IV. Performance Features

 A/D Converter: 24-bit Σ-Δ ADC: AD7765 (optional support for 312KSPS AD7764)  Low intrinsic noise, high channel isolation;  Differential input range: ±10V;  Independent programmable gain, 4 adjustable levels: 1x, 10x, 100x, and 1000x;  AD Trigger Modes: Software timed trigger, external trigger;  Supports pre-trigger, with a maximum pre-acquisition of 2K points;  IEPE Constant Current Source: 4.38mA @2% (the board may require an external 5V power supply, depending on the USB port's power capability);  IEPE Sensor Excitation Voltage: 15V or 24V;  Constant Current Source Output Impedance: >250 kΩ at 1kHz;  Constant Current Source Noise: <500 pA/√Hz;  Coupling Type: AC/DC;  AC Coupling -3dB Cutoff Frequency: 0.53Hz;  Analog input signals with TVS clamp protection;  Sampling frequency can be set by software (range: 1.95KHz～156.25KHz);  Onboard large-capacity memory (4M words), supports continuous acquisition for real-time monitoring;  Onboard EEPROM, users can write custom parameters;  Board ID recognition (0～15), supports multi-card operation;  8-channel DI/DO; outputs with latch function, automatically cleared on power-up;  Provides drivers and dynamic link libraries for WIN7/VISTA/2000/XP;  Dimensions (excluding casing): 91(W) × 139(L) (mm);

V. Technical Parameters

· Operating Voltage: 5V±0.25V · Operating Temperature: 0℃～70℃ · Storage Temperature: -10℃～85℃ · Humidity: 5%～95%

VI. Working Principle

6.1. Block Diagram

6.2. Brief Description of Working Principle

The XM-USB-4431 consists of the following functional modules: USB2.0 bus bridge circuit, address decoding and data latching, AD conversion, data storage, and other functions.

Address Decoding and Data Latching: Controlled by a Field-Programmable Gate Array (FPGA) chip. As it uses the USB2.0 bus, users do not need to concern themselves with specific I/O addresses; they can directly call the dynamic link library provided by our company. In 8-bit data mode, the specific I/O addresses are interpreted by the USB master control chip.

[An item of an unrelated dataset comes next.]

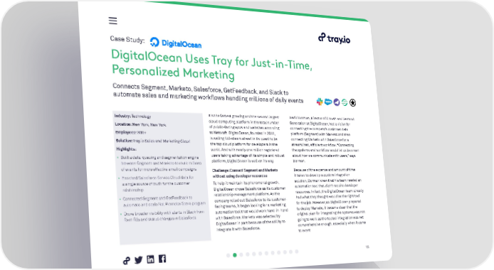 Case Study: DigitalOcean Uses Tray for Just-in-Time, Personalized Marketing Connects Segment, Marketo, Salesforce, GetFeedback, and Slack to automate sales and marketing workflows handling millions of daily events Industry: Technology It’s the fastest growing and the second largest David Dorman, Director of Growth and Demand cloud computing platform in the total number Generation at DigitalOcean, had a vision for Location: New York, New York of public-facing apps and websites according connecting the company’s customer data Employees: 300+ to Netcraft. DigitalOcean, founded in 2011, platform (Segment) with Marketo and then Solution: Tray.io Sales and Marketing Cloud is sailing full-steam ahead in its quest to be connecting Marketo with Salesforce for a the top cloud platform for developers in the streamlined, efficient workflow. “Connecting Highlights: world. And with nearly one million registered the systems and workflow would let us be smart • Built a data-queuing and segmentation engine users taking advantage of its simple and robust about how we communicate with users,” says between Segment and Marketo to route millions platform, DigitalOcean is well on its way. Dorman. of events for more effective email campaigns Challenge: Connect Segment and Marketo Because of the expense and amount of time • Enriched Salesforce Service Cloud data for without using developer resources it takes to develop a custom integration a single source of truth for the customer To help it maintain its phenomenal growth, solution, Dorman knew that his team needed an relationship DigitalOcean chose Salesforce as its customer automation tool that didn’t require developer • Connected Segment and GetFeedback to relationship management platform. As the resources. In fact, the DigitalOcean team already automate and scale Net Promoter Score program company rolled out Salesforce to its customer- had what they thought would be the right tool facing teams, it began looking for a marketing for the job. However, as DigitalOcean prepared • Drove broader visibility with alerts in Slack from automation tool that would work hand-in-hand to deploy Marketo, it became clear that the form fills and status changes in Salesforce with Salesforce. Marketo was selected by original plan for integrating the systems was not DigitalOcean in part because of the ability to going to work as the touted integration was not integrate it with Salesforce. comprehensive enough, especially when it came to event 15
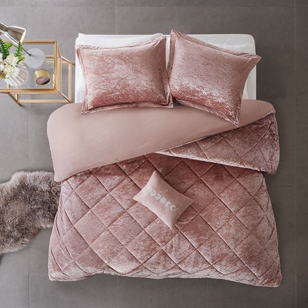 Create a luxuriously comfortable bedroom space with the Intelligent Design Felicia 4 Piece Velvet Duvet Cover Set. The crushed velvet, blush duvet cover features a quilted diamond top that adds dimension to the glamorous look. Matching shams (1 for Twin Sizes) coordinate with the velvet duvet cover, while an oblong decorative pillow provides a perfect finishing touch. Machine washable for easy care, this velvet duvet cover set brings incredible softness and comfort with a luxurious flair to your bedroom decor. Button closures allow you to place a comforter insert within the duvet cover and internal corner ties help prevent it from shifting (Insert is NOT included).

AD Conversion: External analog signals are input via SMB0..SMB3, pass through 4 levels of programmable gain, and then enter the ADC. The AD control timing is completed by the FPGA.

Data Storage: The results of AD conversion are stored in SDRAM. The timing for reading and writing data is controlled by the FPGA.

Digital I/O: 8 channels of digital input, 8 channels of digital output. Outputs have a latch function and are automatically cleared on power-up.

Frequency Measurement Principle: Measures the interval between two adjacent rising edges of a signal (square wave). For example, when the software issues a measurement command, the interval between two adjacent rising edges of the signal under test is measured using a 4MHz system clock. This interval is represented by the number of system clock cycles, allowing users to easily calculate the signal's frequency. Since the maximum interval count is a 24-bit represented data (maximum 0xFFFFFF, i.e., 16777215), the maximum timing length is 4.19S (16777215 * 0.25 µs ≈ 4.194303S).

Explanation: When the START signal is low, the software initiates a frequency measurement, measuring the time width between two adjacent rising edges of the signal under test (which is 5 system clock cycles, with a system clock of 4MHz). In the diagram, the TimerOver signal: 1 indicates frequency measurement is not finished; 0 indicates frequency measurement is finished.

The frequency of the external signal is calculated as Fre = 4×10^3 ÷(XCounter), in KHz.